For their part, the alien players need to think smart, rather than as one (although it helps). You'll fall to bits like a pack of smokes in a tumble dryer if you try anything head-on - but then, why would you? You can walk on walls and ceilings. If you're playing as a Spitter class, you can hock acid-bile into marines faces. If you pick the Bull class, you can charge around like a Tank from Left 4 Dead who done burst right through the walls of Valve's shooter and into space.
Conclusion: you've got options, and in absolutely no situation is "run in on foot, clawing the air menacingly" the best one. In fact strategic sneak attacks are just about your only guaranteed kill. Claw attacks are surprisingly weak, and though it's possible to skewer someone with a tail whip for an insta-kill, it's also jaw-clenchingly difficult to pull off. Whichever class you pick, you're moving around in third person, a design choice intended to reflect the xenos' heightened sense of awareness (and lack of eyes).
In execution though, the camera can be unhelpful. Instead of running up to a wall and heading straight up it, you'll often veer off in another direction and wind up chasing your own tail. If Colonial Marines' competitive multiplayer is going to be the slow-burning hit Gearbox seems to believe it will be, that third-person camera needs work.

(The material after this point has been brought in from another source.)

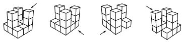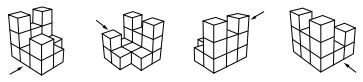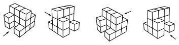 29. 建築師 Kiyoshi 為籌備在高雄的成果展,以每格 1 m 3 正立方體的大小,以 3 格× 3 格× 3 格 為最大範圍,提出四組立體雕塑作品的方案,其採用四個方向的等角圖(箭頭為前視圖之 觀察方向 ),如下( A )至 ( D )選項所示。今因場地與預算之要求,主辦單位規定每個作品 的體積至少不得超過14m3 ,則下列何者 不符合 要求?

And we really hope it reaches a happy conclusion, because the modes we've played are well-balanced, perpetually tight and while they might not convey visionary map design, they're multi-pathed enough to keep each round unpredictable. There are many ranks to grind through online, unlocking visual customisation options, custom loadouts, legendary weapons like Hicks' shotgun and ego-caressing badges.
But as an online experience, Colonial Marines still feels like it's climbing walls, tip-toeing tyres and taking the odd soap-beating in basic training. Day one patches seem likely, likewise regular post-release updates. But in single player and multiplayer, some people are going to ignore the wobbly floorboards and flickering lightbulbs in Colonial Marines because the license means that much.
It won't be a technical accomplishment, but by the strength of its atmosphere and its secondary purpose as a first-person Aliens encyclopaedia it's odds-on for best game carrying the name since Rebellion's 1999 effort.